┏━━

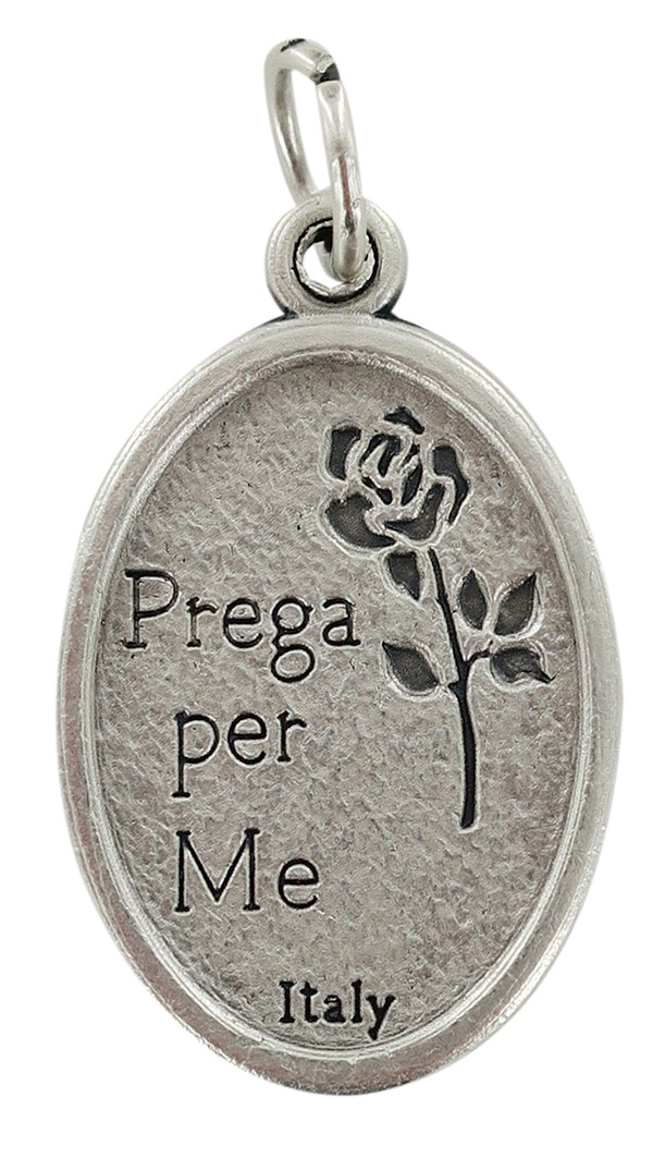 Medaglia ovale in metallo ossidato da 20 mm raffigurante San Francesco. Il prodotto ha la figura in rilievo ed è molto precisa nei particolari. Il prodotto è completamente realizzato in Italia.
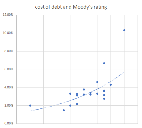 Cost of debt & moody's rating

┗━━
┏━━

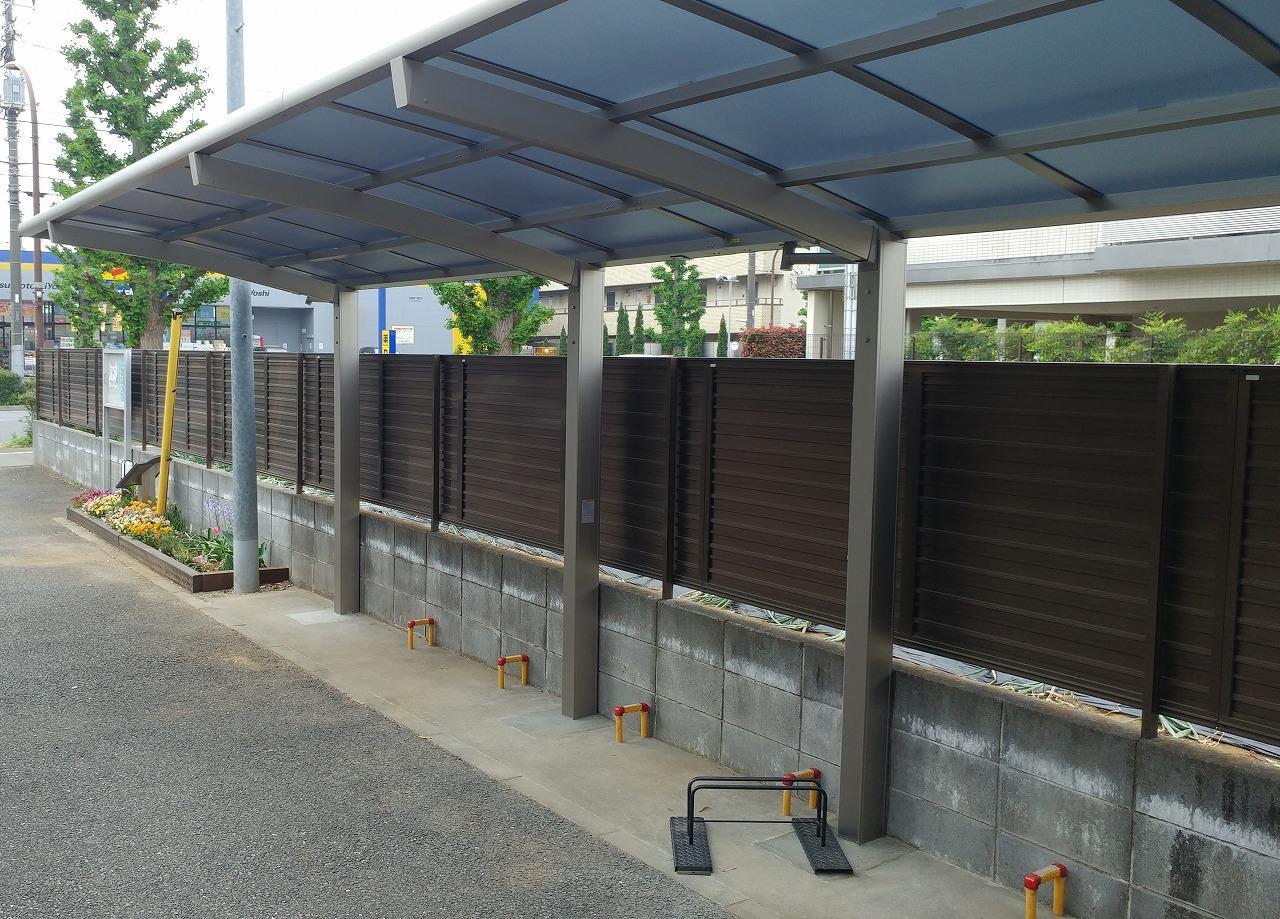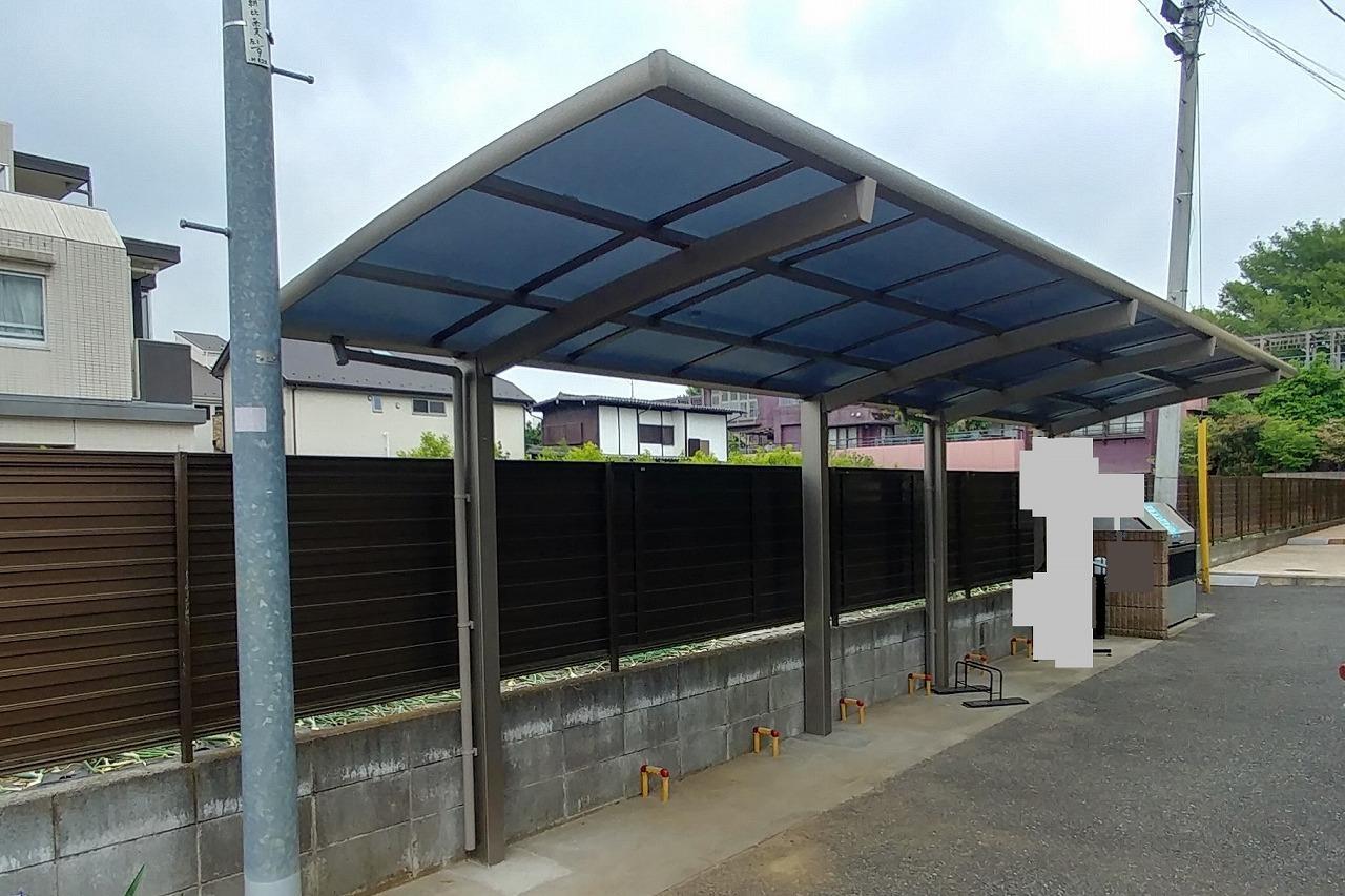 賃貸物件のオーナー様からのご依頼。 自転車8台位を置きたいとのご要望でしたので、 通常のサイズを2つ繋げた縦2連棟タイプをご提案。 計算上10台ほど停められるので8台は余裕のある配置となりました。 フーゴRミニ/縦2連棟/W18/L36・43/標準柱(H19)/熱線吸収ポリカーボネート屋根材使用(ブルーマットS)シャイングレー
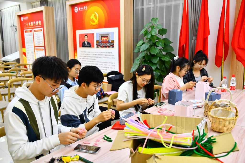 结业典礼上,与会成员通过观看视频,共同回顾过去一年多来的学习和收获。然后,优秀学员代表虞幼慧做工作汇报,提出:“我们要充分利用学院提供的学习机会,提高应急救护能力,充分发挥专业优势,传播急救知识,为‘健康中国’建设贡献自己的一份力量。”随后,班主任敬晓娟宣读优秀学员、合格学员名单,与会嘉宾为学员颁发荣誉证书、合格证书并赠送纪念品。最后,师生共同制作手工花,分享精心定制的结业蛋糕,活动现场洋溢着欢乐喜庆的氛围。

┗━━

▶ **Activity**
In the entries above, find the line containing "Medaglia ovale in" and the line containing "Cost of debt & moody's rating", then copy both and every line between them exactly, without any picture.

▶ **Output**
 Medaglia ovale in metallo ossidato da 20 mm raffigurante San Francesco. Il prodotto ha la figura in rilievo ed è molto precisa nei particolari. Il prodotto è completamente realizzato in Italia.
 Cost of debt & moody's rating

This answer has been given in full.